During the third trimester, when the ‘gross architecture’ of the brain (neural cyto- and histogenesis) is largely established, growth and differentiation events are predominant and persist into postnatal life (axon, dendrite and synapse formation, myelination). Disturbances of brain development during this period mainly result in clastic lesions. The causes are multiple and key factors are inflammation with excessive cytokine production, oxidative stress, and excess release of glutamate triggering the excitotoxic cascade, factors that are induced by hypoxic–ischaemic and/or infectious mechanisms, whereby a potentiation of single effects can be assumed.[15] Early in the third trimester white matter is especially affected. The major neuropathology potentially damaging the motor tracts and thus leading to CP includes periventricular leukomalacia (PVL) or complications of intraventricular haemorrhage: predominant white matter injury. This pathology has been called ‘encephalopathy of prematurity’ and is accompanied by ‘neuronal/axonal disease’. This may also involve the thalamus, basal ganglia, cortex, brainstem, and cerebellum,[16] although the pathology that is related to CP and identifiable by visual inspection is mainly that of white matter injury.
Lesional patterns that can occur in central motor domains and thus cause CP in the late third trimester concern the cortical grey matter, basal ganglia, and thalamus:[17] predominant cortical or deep grey matter injury. Infarcts of the middle cerebral artery are reported mainly in children born at or near term with unilateral spastic CP.[18] They may also occur in the very-preterm child, then involving more the lenticulostriate arteries.[19]
Thus pathological patterns, characterizing disturbance of early brain development and likely to cause CP, can be summarized as maldevelopments, predominant white matter injury, and predominant grey matter injury; we called these patterns ‘pathogenic patterns’ because they characterize specific timing periods of disturbance/insult to the developing brain.
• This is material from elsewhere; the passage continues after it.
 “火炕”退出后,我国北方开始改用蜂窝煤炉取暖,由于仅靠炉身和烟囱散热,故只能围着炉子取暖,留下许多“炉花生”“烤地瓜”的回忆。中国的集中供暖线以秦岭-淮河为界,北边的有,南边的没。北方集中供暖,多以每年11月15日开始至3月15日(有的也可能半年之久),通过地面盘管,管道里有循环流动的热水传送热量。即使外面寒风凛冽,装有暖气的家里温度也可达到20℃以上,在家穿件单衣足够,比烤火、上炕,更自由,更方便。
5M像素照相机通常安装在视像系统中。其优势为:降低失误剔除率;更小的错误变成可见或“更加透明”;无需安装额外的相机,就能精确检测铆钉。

In a second step, we had systematically searched in the literature for these pathogenic patterns in children with CP.[7] In this earlier review, MRI was reported to be abnormal in 86% of the CP cases and indicated the pathogenesis in 83%. Periventricular white matter injury was the most frequent finding (56%), followed by deep grey matter injury (18%), and brain maldevelopment (9%). Thus, this earlier review indicated that the classification based on pathogenic patterns covers the main brain pathology in children with CP and seems a useful approach also for CP registers.
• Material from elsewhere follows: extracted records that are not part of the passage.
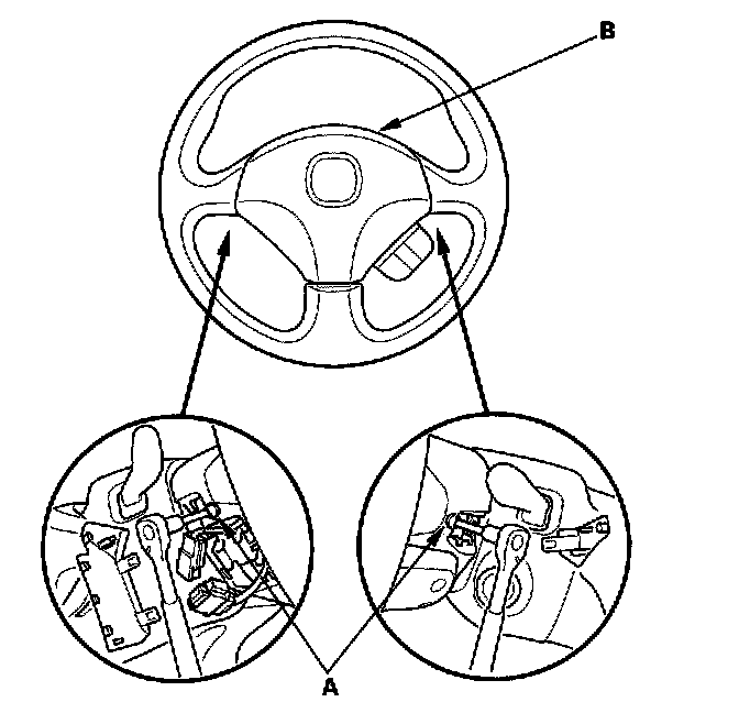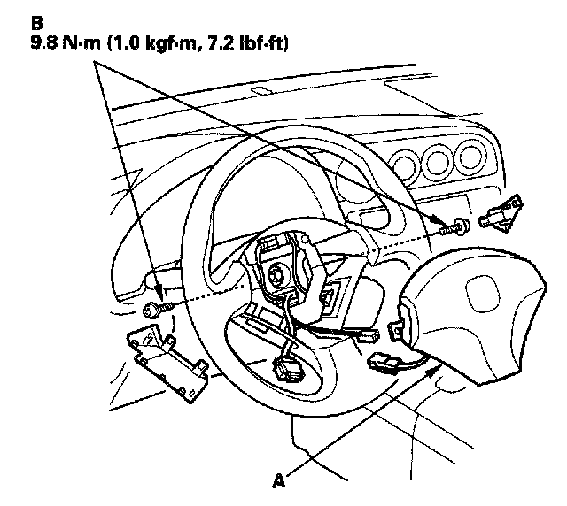 1. Place the new driver's airbag (A) in the steering wheel, and secure it with new Torx bolts (B).
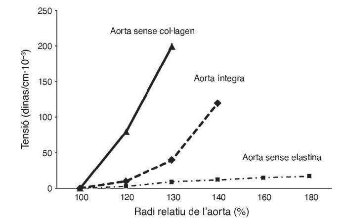 L’explicació donada per Wagenseil i Mecham13 és que, a grans valors de tensió, l’aorta també és distensible, però no l’elastina, sinó el col·lagen, de manera que en un valor determinat predominen les característiques del col·lagen perquè la paret és relativament inextensible. Com que els vasos elàstics estan sotmesos a variacions cícliques de la pressió, significa que aquests vasos «s’expandeixen i contrauen» amb els canvis de pressió. Això evita que els vasos es trobin sotmesos a pressions molt elevades. A la figura 1 es mostra el comportament del vas íntegre, sense col·lagen o elastina. Observeu com es desplaça la relació ràdio/tensió vers el col·lagen quan la tensió és elevada i vers l’elastina quan la tensió és baixa. L’aorta íntegra mostra un comportament mitjà, que de l’anàlisi de la figura es dedueix que no és el resultat d’una suma algebraica dels comportaments quan la paret està sense col·lagen o sense elastina.
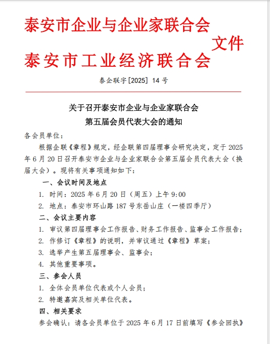 召開泰安市企業(yè)與企業(yè)家聯(lián)合會第五屆會員代表大會
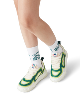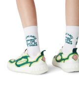 The design language of the Court Sneaker reflects the iconic silhouettes of the 90s. The colours featured throughout the rubber sole are a combination of the refined codes of tennis and classic architecture and create a unified palette throughout the shoe, with the focus on primary colours offset by tennis whites to create a sports focus colour story. The upper of the shoe features integrated, flowing panel lines as a nod to the iconic silhouettes of the 90s. Prominent Casablanca branding throughout is evident, including the brand’s signature diamond motif on the heel, silicone wordmark lateral panelling and the woven tennis court motif tongue label and insole, giving rise to its name, The Court.
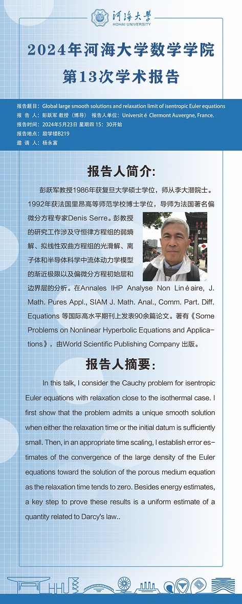 成人影院 第13次学术报告:Global large smooth solutions and relaxation limit of isentropic Euler equations
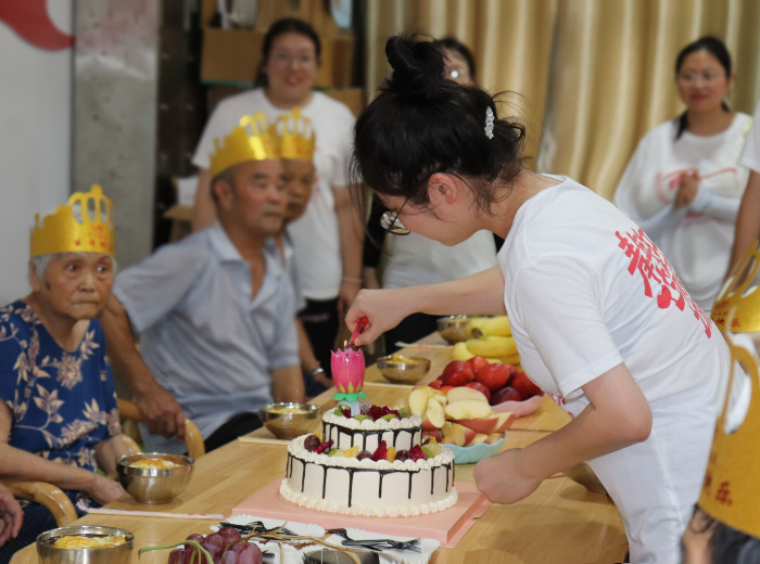 敬孝桑榆佑银发,筑巢夕阳护康宁。在中垾镇康年颐养院,实践队员与院区工作人员一起为老人举办了生日会。“祝您生日快乐,祝您生日快乐...”伴随着队员们温暖的歌声,老人们许下自己的心愿。一位年过七旬的奶奶开心地说:“很久没有这么多孩子给我过生日了,谢谢你们!”在温馨的氛围中,实践队员与老人们合影留念。此举践行了“德乃人之本,孝为德之先”的爱老理念,利于弘扬敬老爱老的传统美德。

The aim of this study was to develop an MRI classification for CP research, registers, and clinicians, compare it with other classification systems used in the literature, and test its reliability.
Method
The development of a classification system was based on the concept of the underlying pathogenic MRI patterns in children with CP. Typical illustrations of these patterns including subgroups and descriptions in the context of clinical cases were searched for and agreed on by the authors. A manual was developed in the process and tested with respect to comprehensibility and applicability during several SCPE workshops. Type of CP and gross motor function according to Gross Motor Function Classification System (GMFCS)[20] were described together with MRI findings.
A literature review was performed, searching for other classification systems of MRI findings in CP, with the question of compatibility with the MRI classification system (MRICS), and whether harmonization between classifications was possible. This review covered the time period January 2007 to March 2013. The following keywords were used for the search: cerebral palsy, neuroimaging, MRI, classification.
A workshop with SCPE participants aimed at harmonizing the findings of the different classifications with the MRICS.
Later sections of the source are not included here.